ただ、数値や文字列が近いセル番地に入力されたもの、それは教育を受けたヒトにとっては表であっても、表計算アプリにとって「表 table」ではないのである。アプリにとって、それはただの情報の寄せ集めである。表計算アプリはどこが「タイトル行」なのかもわからないし、「氏名」には全角の文字しか入らないのかどうか? 「メールアドレス」には半角文字しか入らないのかどうか? 「勤続年数」には整数値しか入らないのかどうか? アプリはそんな懸念を表明することも無い(型が揺れていることを気にしない)し、そんな保証(常に同じカラムには同じ型の情報が入力されるはずだという保証)を想定することもアプリには無いのである。

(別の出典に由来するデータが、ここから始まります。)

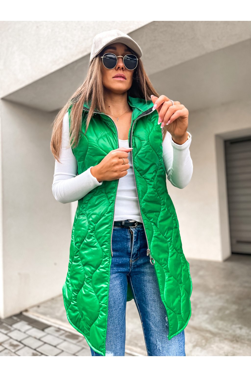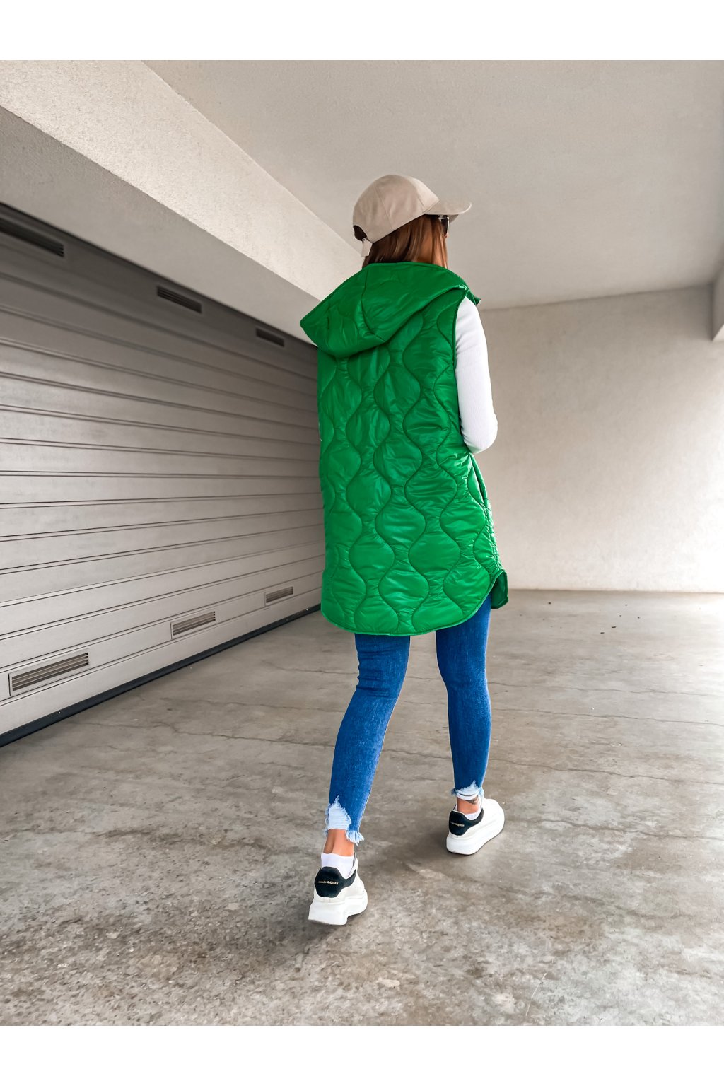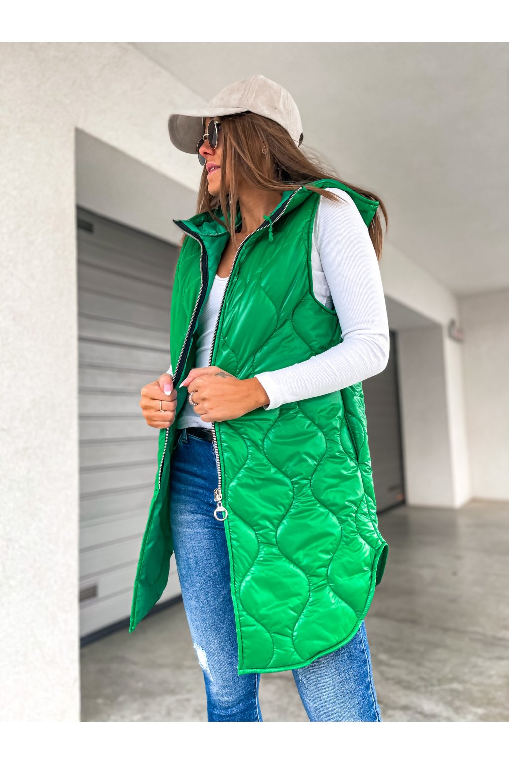 Luxusní dámská prošívaná vesta s kapucí na zip a kapsami. Stylový, originální kousek. Produkt byl vybrán pečlivě, s láskou a důrazem na vysokou kvalitu materiálu.

だから、ヒトはまず、アプリにとってはそれは「表 table」ではないということに気づかないといけない。なぜならば、決してアプリ側から「あなたにとってこれは表に見えるかもしれませんが、私にとってはそうではないです」なんてメッセージを発してくれることはないからである(実は例外もあるのだが、それを解読できる人は既に気づける人である)。そして、気付いた上で、アプリの機能として「情報を四角く寄せ集めた範囲」を「テーブル」に変換する機能があるのだということを知らなければならない。例えば、エクセルやGoogleスプレッドシートであれば、「挿入」タブから指定できる機能であるが、知らない人が多い。むしろもっと発展的な機能である「ピボットテーブル」の方が馴染み深い人がいるぐらいである。
そして、いったん「テーブル」としてユーザによって定義された情報の集合は意味のある塊(かたまり)として扱うことができるし、その部分である各カラムもA列やB列(これは位置を示す記号に過ぎない)ではなく、「従業員番号」や「電話番号」のような意味のあるカラムとしてタイトルを使ってコントロールすることができるようになるのである。つまり、テーブルとして定義することによって、情報がたまたま隣接して寄せ集められているだけではなく、一つのテーブルの中に統一されて構造になると同時に、そのテーブルに対する操作(機能)が定義できるのである。これはオブジェクト指向で言うオブジェクトだとも言える。
ここまで定義して初めて情報はデータになったと言える。このような作業はデータクレンジングとも言われるが、ここまでアプリに教え込まないと、アプリはその真価を発揮してくれない。なかなかこのことに非ITの人たちが気づいてくれない。それがはがゆく、またこれさえわかってくれれば、ITパスポートで習うような枝葉の知識はその都度検索してくれれば十分だと思うほどである。
そしてそれがわかるためには、一言で言えば、表計算アプリの気持ちをわかることである。